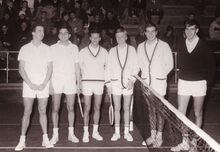 Tennissers in het sportcentrum aan de Koninginnelaan.Centraal (met bril) ....... BEUSELINCK.
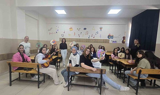Afyonkarahisar Zübeyde Hanım Kız Mesleki ve Teknik Anadolu Lisesi'nde öğrenciler, okul idaresinin desteğiyle 'Müzik Sınıfı' oluşturdu. Öğrenciler tarafından boyanan sınıf duvarları, müzik kulübü faaliyetlerine ve teneffüs saatlerine renk katacak.Okul yönetiminin desteği ve müzik kulübü öğretmenlerinin rehberliğinde başlatılan çalışma kapsamında öğrenciler, boş zamanlarını verimli değerlendirebilecekleri bir müzik atölyesine kavuştu. Hem bireysel hem de grup halinde kullanılabilecek olan müzik sınıfı, öğrencilerin iş birliği ve takım çalışması becerilerini geliştirmeyi hedefliyor.Sınıfın duvar tasarımları, tamamen müzik kulübü öğrencileri tarafından hazırlandı. Çeşitli müzik notaları, ritim figürleri ve enstrüman görselleri öğrencilerin el emeğiyle sınıf duvarlarına resmedildi. Ayrıca müzik temalı boyanan tefler de öğrenciler tarafından hazırlanarak sınıfta yerini aldı.Öğrencilerin müzikle ilgili etkinlikler gerçekleştirilmesine imkân sağlanacakMüzik odasına darbuka, gitar, tef gibi enstrümanlar da okul öğretmenleri tarafından temin edildi. Sınıf, çeşitli ritim araçları ve enstrümanlarla donatılarak öğrencilerin müzikle ilgili etkinlikler gerçekleştirmesine imkân tanıyacak şekilde hazırlandı.Müzik Sınıfı, yalnızca müzik kulübü üyelerinin değil, müzikle ilgilenen tüm öğrencilerin teneffüs aralarında veya boş zamanlarında kullanımına açık olacak. Atölye sayesinde öğrenciler, sosyal becerilerini artırma, birlikte hareket etme ve ortak üretim yapma alışkanlıkları kazanacak.Okul idaresi, benzer sosyal ve sanatsal faaliyetlerin önümüzdeki dönemlerde de sürdürüleceğini bildirdi.
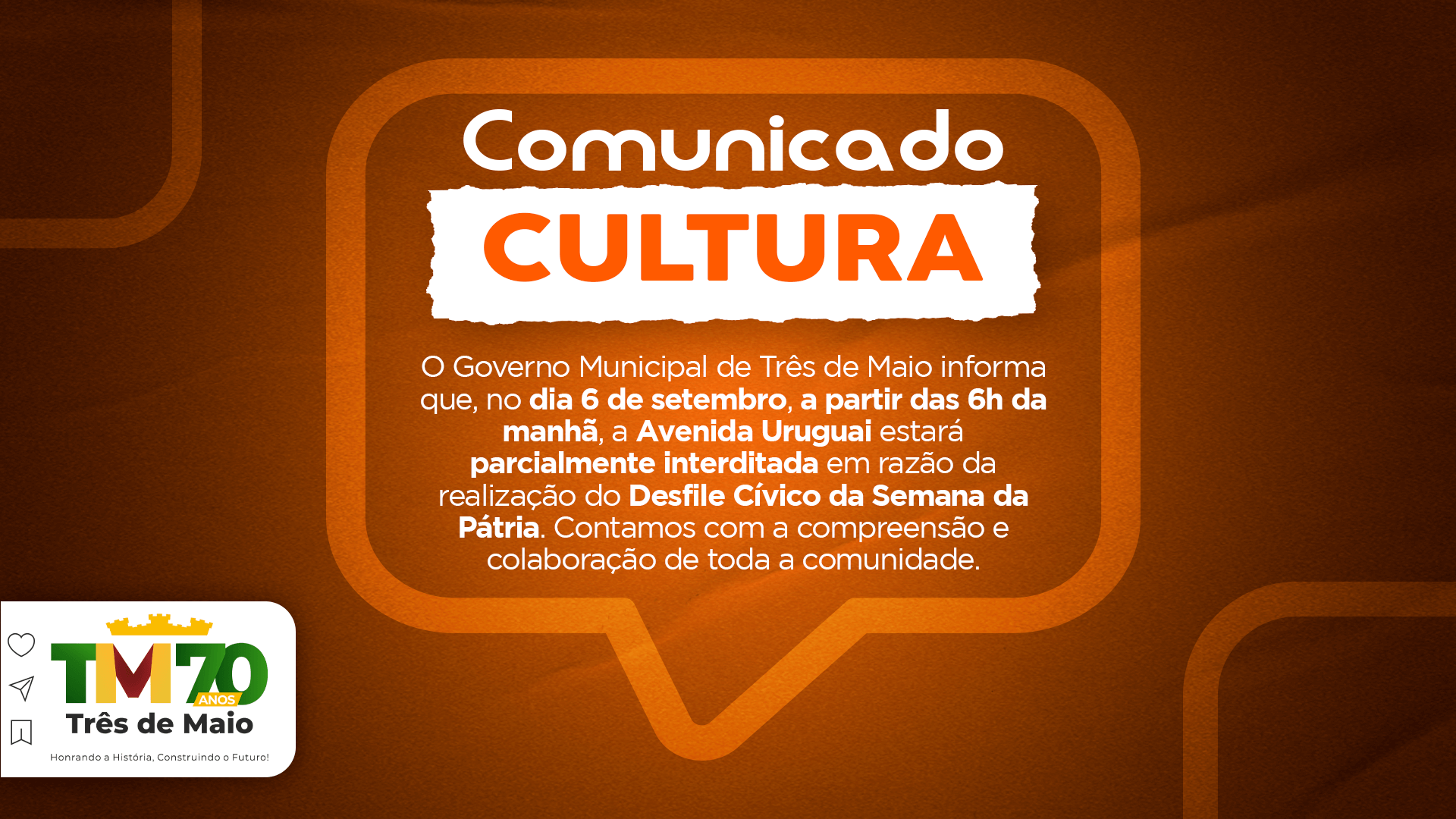 O Governo Municipal de Três de Maio, por meio da Secretaria de Cultura e Turismo, informa que no dia 06 de setembro, a partir das 6h da manhã, a Avenida Uruguai estará parcialmente interditada no trecho que vai da rótula Willig até a Igreja Matriz Católica, em razão da realização do Desfile Cívico da Semana da Pátria.
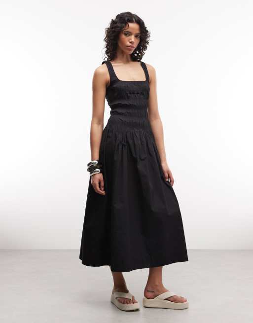 COLLUSION - Vestito midi arricciato con scollo squadrato nero
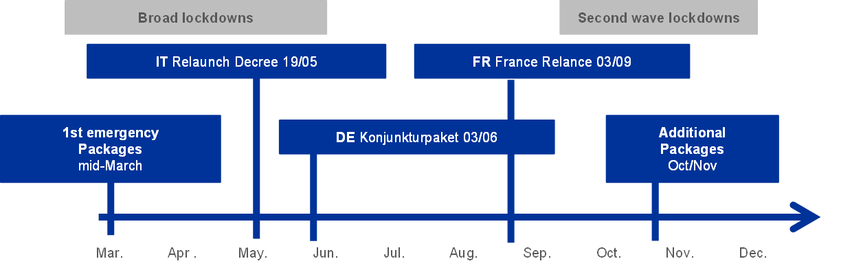Fiscal measures were implemented via sequences of fiscal packages that reflected the change in priorities over the course of 2020. The four largest Member States, namely Germany, France, Italy and Spain, implemented their first emergency packages as of mid-March, a few days after the introduction of the first broad lockdown measures in Italy (see Figure 1). These packages aimed to address the health crisis and to support the sectors most hit by lockdown measures. They were relatively similar across countries. Later, some of the countries announced further fiscal packages to extend the liquidity and emergency measures included in the first package. Following the end of the broad lockdowns in the summer, Member States progressively announced further packages, which were typically more concerned with supporting the recovery and had a longer-range focus, including measures that would come into effect in 2021 and beyond. Most notably, in June Germany announced its “Konjunktur- und Zukunftspaket” with measures amounting to €130 billion (i.e. 3.9% of GDP) and in September France launched its “France Relance” package comprising measures worth €100 billion, (i.e. 4.4% of GDP). Later, around mid-October, several other Member States announced in their draft budgetary plans for 2021 additional measures for 2021 and subsequent years. Overall, the timing of the recovery packages is much more heterogeneous than that of the emergency measures taken in the spring. Finally, at the end of October 2020 several Member States reacted quickly to the second wave of the pandemic and announced additional emergency measures specifically targeting firms affected by the new partial lockdowns.
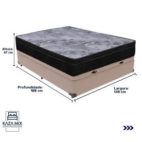 O conforto que sua casa precisa e a qualidade que você merece está na Kazamix!Redefina suas noites de sono com o Colchão Pampa Molas Ensacadas, projetado para oferecer máximo conforto e suporte. Suas molas ensacadas individualmente garantem estabilidade, minimizando vibrações e proporcionando um descanso tranquilo. O Ortopillow com tecido em poliéster de alta resistência e bordado matelassê acrescenta uma camada extra de maciez e conforto. Com tratamento antiácaro, antifungo e tecnologia No Turn, é ideal para quem busca praticidade e um ambiente de sono mais saudável. Este colchão combina qualidade e durabilidade para oferecer uma experiência de descanso incomparável.Modelo: Pampa Marca: OrtobomTamanho: CasalDimensões: 138x188X24 (Largura x Comprimento x Altura)Conforto: MacioSistema: Molas ensacadas Pillow: Euro PillowPeso Máximo recomendado: 120 kg (Por pessoa)Proteções: Antiácaro, antialérgico, antifungo, antimofoGarantia: 1 ano pelo FabricanteO conforto que sua casa precisa e a qualidade que você merece está na KazamixAproveite cada metro quadrado do seu dormitório com a Cama Box Baú!Projetada com madeira de reflorestamento reforçada, a Cama Box Baú é a escolha ideal para quem busca otimização de espaço e praticidade na organização do dia a dia.Com um baú generoso, ela oferece a solução perfeita para armazenar travesseiros extras, cobertores, malas e muito mais. Além disso, sua estrutura robusta suporta até 150 kg por pessoa, garantindo a sustentação ideal para o seu colchão e prolongando sua vida útil.O pistão a gás robusto proporciona uma abertura suave e segura do baú, oferecendo praticidade e resistência no uso diário. Para completar, o acabamento de alta qualidade combina perfeitamente com qualquer estilo de decoração, agregando elegância e versatilidade ao seu ambiente.Não perca tempo! Adquira agora mesmo sua Cama Box Baú e diga adeus à falta de espaço e desorganização.Marca: KazaMixModelo: BaúCor do Box: BegeTamanho: CasalDimensões: 138X188X37 (Largura x Comprimento x Altura) Estrutura: MadeiraPeso máximo recomendado: 150 kg (Por Pessoa)Altura do Box: 32 cm Altura dos Pés: 5 cm Altura total: 37 cm Garantia: 03 mesesSelo Ecologicamente CorretoAtenção: Antes de finalizar sua compra, certifique-se de que as dimensões do produto sejam adequadas para serem transportadas pelos elevadores, portas, escadas e corredores de sua residência. Ressaltamos que não nos responsabilizamos pelo transporte do produto por meios específicos, como escadas, guinchos ou içamentos.

===============

DESCRIPTION OF THE TASK:
An exact copy of all the data above is required; omit any pictures.

ANSWER BELOW:
 Tennissers in het sportcentrum aan de Koninginnelaan.Centraal (met bril) ....... BEUSELINCK.
Afyonkarahisar Zübeyde Hanım Kız Mesleki ve Teknik Anadolu Lisesi'nde öğrenciler, okul idaresinin desteğiyle 'Müzik Sınıfı' oluşturdu. Öğrenciler tarafından boyanan sınıf duvarları, müzik kulübü faaliyetlerine ve teneffüs saatlerine renk katacak.Okul yönetiminin desteği ve müzik kulübü öğretmenlerinin rehberliğinde başlatılan çalışma kapsamında öğrenciler, boş zamanlarını verimli değerlendirebilecekleri bir müzik atölyesine kavuştu. Hem bireysel hem de grup halinde kullanılabilecek olan müzik sınıfı, öğrencilerin iş birliği ve takım çalışması becerilerini geliştirmeyi hedefliyor.Sınıfın duvar tasarımları, tamamen müzik kulübü öğrencileri tarafından hazırlandı. Çeşitli müzik notaları, ritim figürleri ve enstrüman görselleri öğrencilerin el emeğiyle sınıf duvarlarına resmedildi. Ayrıca müzik temalı boyanan tefler de öğrenciler tarafından hazırlanarak sınıfta yerini aldı.Öğrencilerin müzikle ilgili etkinlikler gerçekleştirilmesine imkân sağlanacakMüzik odasına darbuka, gitar, tef gibi enstrümanlar da okul öğretmenleri tarafından temin edildi. Sınıf, çeşitli ritim araçları ve enstrümanlarla donatılarak öğrencilerin müzikle ilgili etkinlikler gerçekleştirmesine imkân tanıyacak şekilde hazırlandı.Müzik Sınıfı, yalnızca müzik kulübü üyelerinin değil, müzikle ilgilenen tüm öğrencilerin teneffüs aralarında veya boş zamanlarında kullanımına açık olacak. Atölye sayesinde öğrenciler, sosyal becerilerini artırma, birlikte hareket etme ve ortak üretim yapma alışkanlıkları kazanacak.Okul idaresi, benzer sosyal ve sanatsal faaliyetlerin önümüzdeki dönemlerde de sürdürüleceğini bildirdi.
 O Governo Municipal de Três de Maio, por meio da Secretaria de Cultura e Turismo, informa que no dia 06 de setembro, a partir das 6h da manhã, a Avenida Uruguai estará parcialmente interditada no trecho que vai da rótula Willig até a Igreja Matriz Católica, em razão da realização do Desfile Cívico da Semana da Pátria.
 COLLUSION - Vestito midi arricciato con scollo squadrato nero
Fiscal measures were implemented via sequences of fiscal packages that reflected the change in priorities over the course of 2020. The four largest Member States, namely Germany, France, Italy and Spain, implemented their first emergency packages as of mid-March, a few days after the introduction of the first broad lockdown measures in Italy (see Figure 1). These packages aimed to address the health crisis and to support the sectors most hit by lockdown measures. They were relatively similar across countries. Later, some of the countries announced further fiscal packages to extend the liquidity and emergency measures included in the first package. Following the end of the broad lockdowns in the summer, Member States progressively announced further packages, which were typically more concerned with supporting the recovery and had a longer-range focus, including measures that would come into effect in 2021 and beyond. Most notably, in June Germany announced its “Konjunktur- und Zukunftspaket” with measures amounting to €130 billion (i.e. 3.9% of GDP) and in September France launched its “France Relance” package comprising measures worth €100 billion, (i.e. 4.4% of GDP). Later, around mid-October, several other Member States announced in their draft budgetary plans for 2021 additional measures for 2021 and subsequent years. Overall, the timing of the recovery packages is much more heterogeneous than that of the emergency measures taken in the spring. Finally, at the end of October 2020 several Member States reacted quickly to the second wave of the pandemic and announced additional emergency measures specifically targeting firms affected by the new partial lockdowns.
 O conforto que sua casa precisa e a qualidade que você merece está na Kazamix!Redefina suas noites de sono com o Colchão Pampa Molas Ensacadas, projetado para oferecer máximo conforto e suporte. Suas molas ensacadas individualmente garantem estabilidade, minimizando vibrações e proporcionando um descanso tranquilo. O Ortopillow com tecido em poliéster de alta resistência e bordado matelassê acrescenta uma camada extra de maciez e conforto. Com tratamento antiácaro, antifungo e tecnologia No Turn, é ideal para quem busca praticidade e um ambiente de sono mais saudável. Este colchão combina qualidade e durabilidade para oferecer uma experiência de descanso incomparável.Modelo: Pampa Marca: OrtobomTamanho: CasalDimensões: 138x188X24 (Largura x Comprimento x Altura)Conforto: MacioSistema: Molas ensacadas Pillow: Euro PillowPeso Máximo recomendado: 120 kg (Por pessoa)Proteções: Antiácaro, antialérgico, antifungo, antimofoGarantia: 1 ano pelo FabricanteO conforto que sua casa precisa e a qualidade que você merece está na KazamixAproveite cada metro quadrado do seu dormitório com a Cama Box Baú!Projetada com madeira de reflorestamento reforçada, a Cama Box Baú é a escolha ideal para quem busca otimização de espaço e praticidade na organização do dia a dia.Com um baú generoso, ela oferece a solução perfeita para armazenar travesseiros extras, cobertores, malas e muito mais. Além disso, sua estrutura robusta suporta até 150 kg por pessoa, garantindo a sustentação ideal para o seu colchão e prolongando sua vida útil.O pistão a gás robusto proporciona uma abertura suave e segura do baú, oferecendo praticidade e resistência no uso diário. Para completar, o acabamento de alta qualidade combina perfeitamente com qualquer estilo de decoração, agregando elegância e versatilidade ao seu ambiente.Não perca tempo! Adquira agora mesmo sua Cama Box Baú e diga adeus à falta de espaço e desorganização.Marca: KazaMixModelo: BaúCor do Box: BegeTamanho: CasalDimensões: 138X188X37 (Largura x Comprimento x Altura) Estrutura: MadeiraPeso máximo recomendado: 150 kg (Por Pessoa)Altura do Box: 32 cm Altura dos Pés: 5 cm Altura total: 37 cm Garantia: 03 mesesSelo Ecologicamente CorretoAtenção: Antes de finalizar sua compra, certifique-se de que as dimensões do produto sejam adequadas para serem transportadas pelos elevadores, portas, escadas e corredores de sua residência. Ressaltamos que não nos responsabilizamos pelo transporte do produto por meios específicos, como escadas, guinchos ou içamentos.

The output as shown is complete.